Overusing Identities

  • Gary Varga (3/1/2010)


    A great example of this is when systems use email addresses as the ID. Unless you maintain your own domain, all it takes is a change in company (even a rebranding) or ISP and you might no longer have access to that email address.

    Sure we can blame the users, Business Analysts, application developers, database developers, user acceptance testers and such like but that doesn't resolve this type of issue. Change is very expensive in systems.

    That kind of change isn't necessarily expensive if it is foreseen by the designers. An email address is a perfectly reasonable unique identifier provided you have the ability to change it. Changing an email address key is ultimately a tiny change if the system is designed for it.

  • David Portas (3/2/2010)


    Gary Varga (3/1/2010)


    A great example of this is when systems use email addresses as the ID. Unless you maintain your own domain, all it takes is a change in company (even a rebranding) or ISP and you might no longer have access to that email address.

    Sure we can blame the users, Business Analysts, application developers, database developers, user acceptance testers and such like but that doesn't resolve this type of issue. Change is very expensive in systems.

    That kind of change isn't necessarily expensive if it is foreseen by the designers. An email address is a perfectly reasonable unique identifier provided you have the ability to change it. Changing an email address key is ultimately a tiny change if the system is designed for it.

    I don't disagree with David's point, however, I guess part of what I was trying to say, and didn't explicitly, is that sometimes requirements are not fully captured and information is used as keys in the technical implementation when the consequences of that implementation on the operational use of the data is not fully understood.

    Gaz

    -- Stop your grinnin' and drop your linen...they're everywhere!!!

  • Steve Jones - Editor (3/1/2010)


    I think Roger has put things well. I'm not saying you don't have a PK. I'm saying identities work well in that role.

    I agree that they can, just that it's not optimal, especially when one starts abstracting relations. The real atrocity is when one uses an identity, but fails to make the PK unique. One here is that they used identities throughout, and for example, a 'Poles' table has a Pole_Nbr attribute, but it's not unique. We now have duplicate Poles throughout the district 🙁 Yet another bit of magic to be levied in its resolution... 😎

    Dr. Les Cardwell, DCS-DSS
    Enterprise Data Architect
    Central Lincoln PUD

  • An email address is a perfectly reasonable unique identifier provided you have the ability to change it.

    David,

    You have got to be kindding. Not everyone has an email address and some people share an email address . . . either of which breaks the "unique identifier" aspect of an email address. You might as well say that a First, Middle, & Last Name or a telephone number (even including the country code) form a "reasonable unique identifier"!

    Ralph D. Wilson II
    Development DBA

    "Give me 6 hours to chop down a tree and I will spend the first 4 sharpening the ax."
    A. Lincoln

  • Les,

    The real atrocity is when one uses an identity, but fails to make the PK unique.

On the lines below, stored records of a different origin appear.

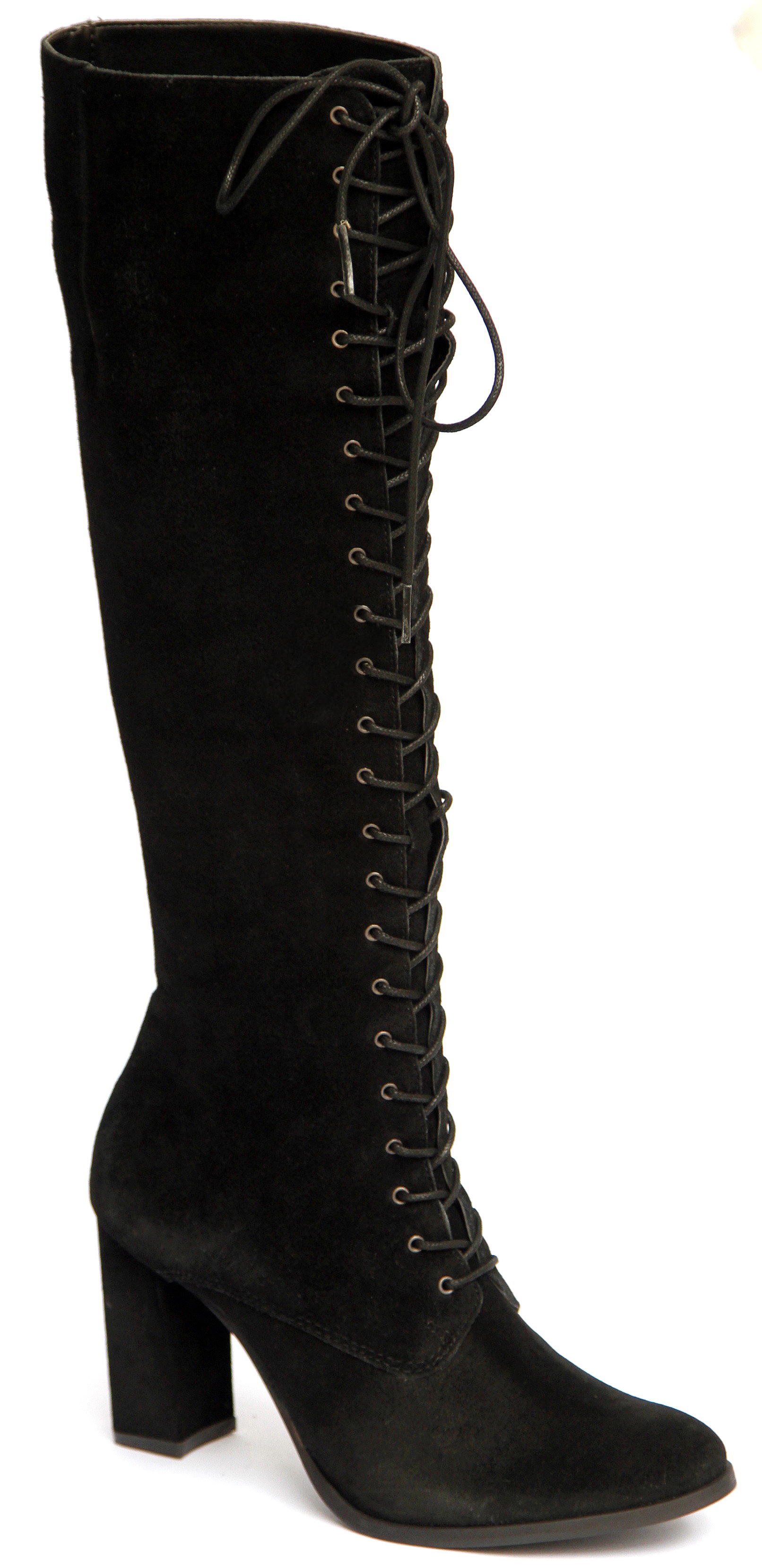 Botas caña completa de gamuza con la punta redonda y la pierna encorsetada ($4.890, R.S).
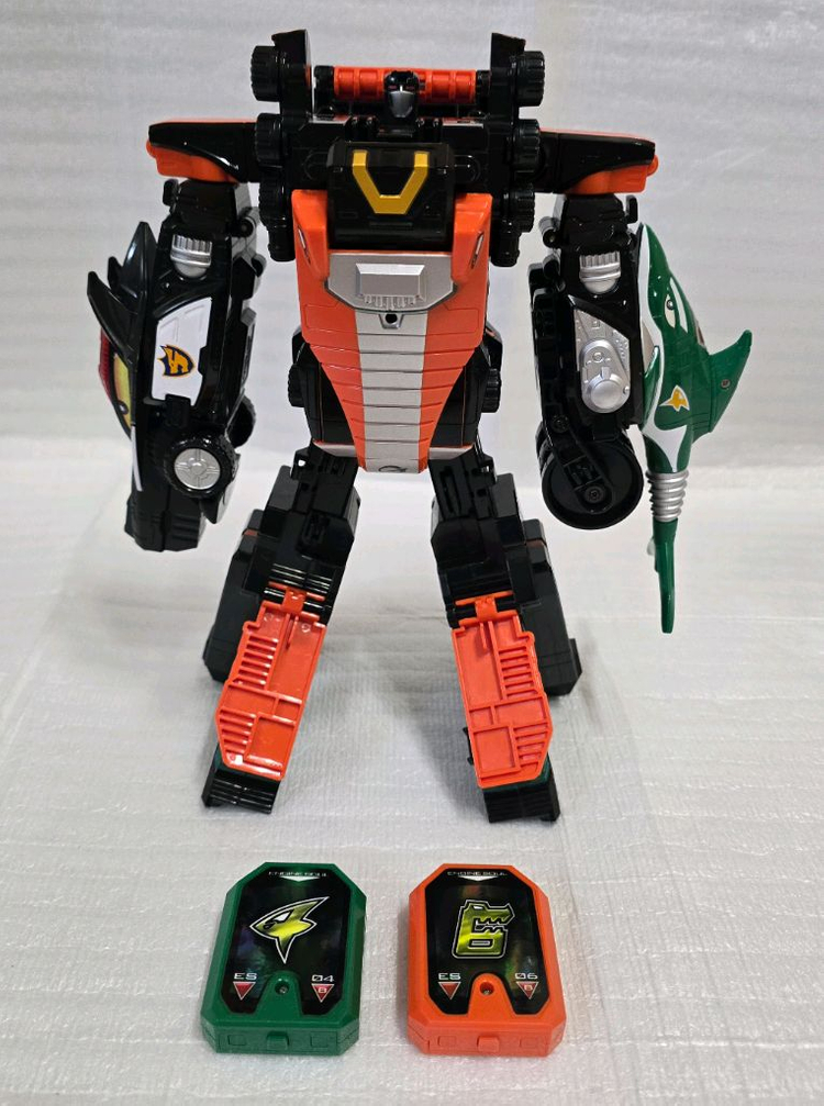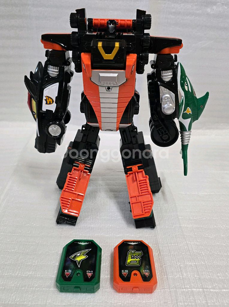 파워레인저 엔진포스 DX 캐리건킹 판매합니다. 캐리게이터 헬멧, 중간에 있는 부품 누락 있습니다. 건퍼드 뒷바퀴 없고, 바르카 눈 스티커 겉부분이 뜯어졌습니다. 그래서 흰색입니다. 부품 분실 외에 깨끗하고, 조인트 이상 없습니다. 엔진소울 4,6번 이상 없습니다. 배송 전 소울 상태 다시 확인하고, 건전지는 새걸로 드립니다. 포장은 파손 없게 해드립니다.
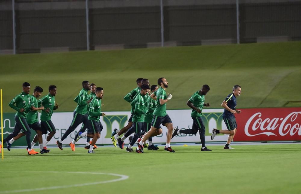 وخضع لاعبو الأخضر اليوم لفحوصات طبية من قبل الجهاز الطبي للوقوف على جاهزيتهم الصحية، حيث أجرى المنتخب أولى تدريباته اليوم على الملعب الرديف بمدينة الملك عبدالله الرياضية تحت إشراف المدير الفني خوان انطونيو بيتزي الذي بدأ التدريبات بتمارين الإحماء، ثم مران السرعات عبر مسافات متنوعة، في حين عمد الجهاز الفني إلى تخصيص تمارين استرجاعية لعدد من اللاعبين.
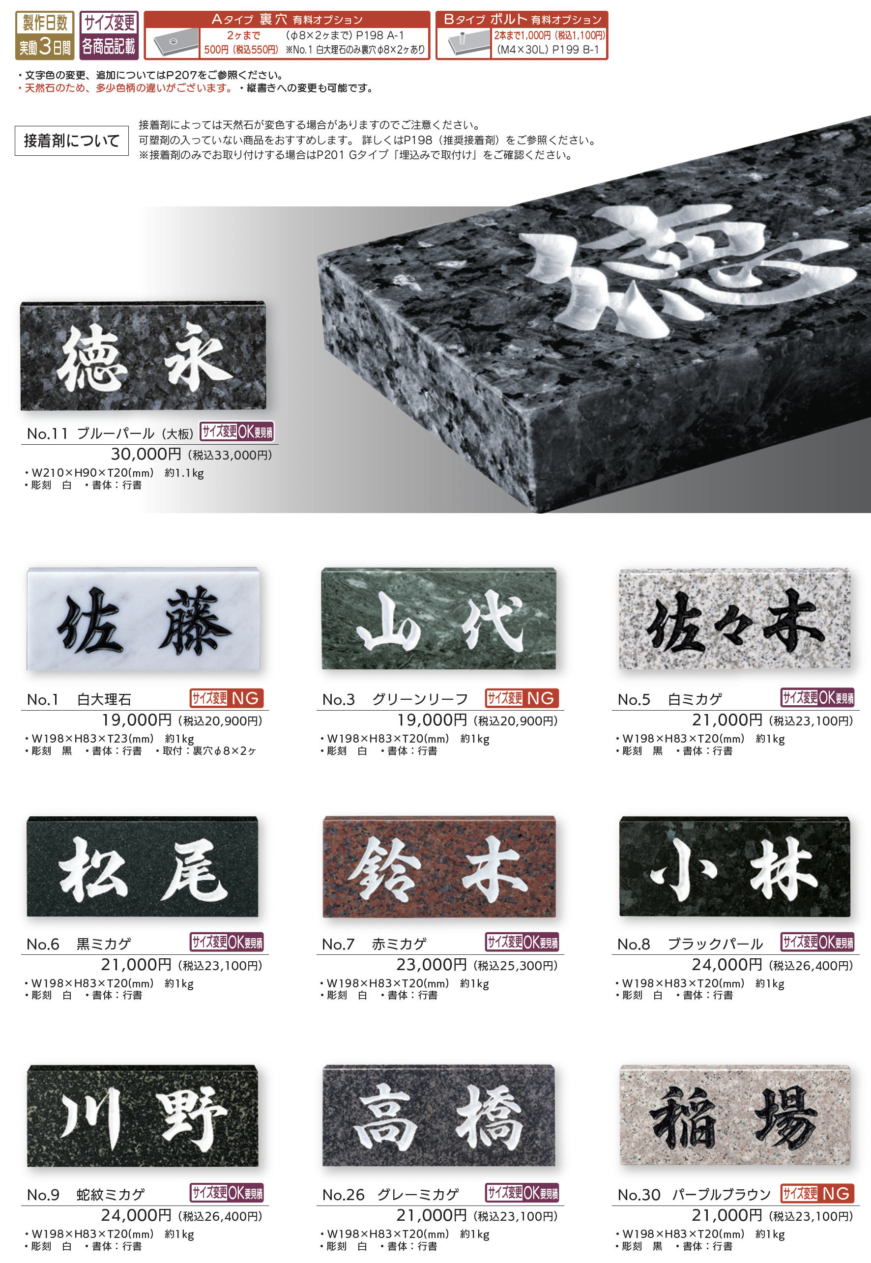 | 材質 | グリーンリーフ グレーミカゲ ブラックパール ブルーパール 白ミカゲ 蛇紋ミカゲ 赤ミカゲ 黒ミカゲ パープルブラウン 白大理石 |

    Excuse me but what DBMS allows you to create a P that is NO unique and why are you using it?

    In most DBS's that I have used, a PK, by definition, has to be unique although it may not be used as a clustered index.

    Also, by definition, an IDentity column is unique, whether it is used as a PK, a Unique Key, a Unique Index, or just as a column.

    Now, if you set up an index on your PoleID and create an index on it but do not enforce the uniqueness with the index, that is jsut really sloppy design and implementation. Even if there are identical PoleID's out there in the field, there has got to be some other way (such as a county designator along with the PoleID) to get a unique result. If so, then the index is simply not complete enough to be made unique.

    Ralph D. Wilson II
    Development DBA

    "Give me 6 hours to chop down a tree and I will spend the first 4 sharpening the ax."
    A. Lincoln

  • RalphWilson (3/2/2010)


    An email address is a perfectly reasonable unique identifier provided you have the ability to change it.

    David,

    You have got to be kindding. Not everyone has an email address and some people share an email address . . . either of which breaks the "unique identifier" aspect of an email address.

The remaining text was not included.